QoS is funtionality most cheap routers come with so this part is probably easiest to solve. A lot of proxies come with caching functionality (with varying degrees of how "smart" the caching is) so this part is probably also something we should be able to sort out. On Windows updates ideally I would have a fairly simple box that I could set clients to download from. I know Windows 10 has the "update over LAN" feature where clients can share Windows updates and I'm not sure if this is something we can benefit from. I don't have in-depth knowledge on this but the first thing that strikes me is this scenario: Say 50 people arrive at work at the same time and an update has been launched at nighttime. Initially no client on the LAN will have the update and all of them will start downloading it, right?

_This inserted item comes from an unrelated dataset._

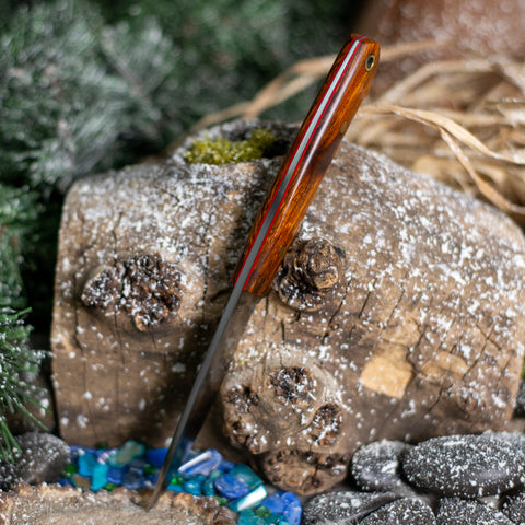 This praxis edc was ground from 1/8" Procut and features desert ironwood with red liners and brass pins

Anyway all input on best way to reach our goal is much appreciated.
In advance, thank you.
 
I would force all the traffic though a proxy server. This will reduce your bandwidth to a small extent because of caching of common data. Unfortunately most things are now https so the caching does not work as well as it used to. It is fairly easy to block web sites that are not business related. There are free lists of sites and categories. Not as good as commercial ones but these subscriptions get costly....have to pay the poor guys who find all those porn sites :).

I am not sure anyone has a complete list of the mircosoft servers. I have tried to block them but is constantly changes. Even if I block huge blocks of microsoft controlled ip it still finds others.

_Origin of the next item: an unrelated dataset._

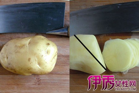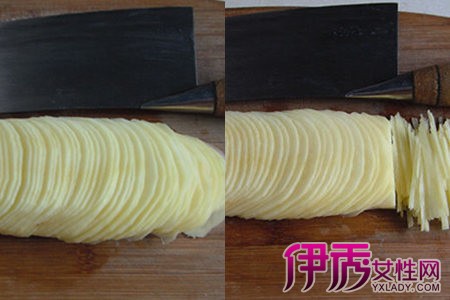 首先,需要准备的只是两个土豆,大概就是一到两个人的分量了,还有就是一把有整体大小均匀的刀片的菜刀,方便操作,还可以保证土豆片切得比较均匀。将土豆皮用刀片或者其他去皮工具进行去除,在土豆上,菜刀大概呈30度左右的方向进行切片,就像上一张图的黑线所示。将土豆切好片之后,如上图一样,将土豆片排开,顺着方向进行切丝,十分迅速并且好看。

Now if you were to ensure all your machines only run on wireless you can use a option in windows 10 to mark the connection as metered. Your situation is exactly what I have seen people ask micosoft. I am using a ethernet connection to my router on a satellite which is metered. Why can't I set my connection to metered. Basically they said buy commercial licenses if you want that feature.....basically too bad we don't care.

Used to be some registry hacks to prevent it but they "fixed" those with the anniversary update. Not sure you would think that if people have the skills to hack the registry they also have the skills to know which updates they really need.

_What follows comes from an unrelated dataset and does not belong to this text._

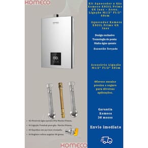 1 Kit Aquecedor KO21PRIME 21L GN + Acess. Ligação De Aquecedor A Gás Komeco M1/2" F1/2" 40cm (02 Flexíveis de 40cm para água quente ou fria (1/2 pol. Macho / Fêmea), 01 Ligação Tomback de 40cm (1/2 pol. Macho / Fêmea) para gás, 03 Espelhos em aço inox cromado e 01 Registro esfera angular em L )

The lan stuff does not appear to work real well, not sure why maybe the machines all need to be on at the same time. Mine seem to each pull data from microsoft.

......a added thought. We force all our traffic from remote offices to the central internet connection. This is mpls but you could build vpn tunnels to a central location, maybe a hosted server. You could then buy and maintain only 1 firewall/server whatever. The remote device would be simple routers with a vpn configuration forcing all traffic to the central vpn server.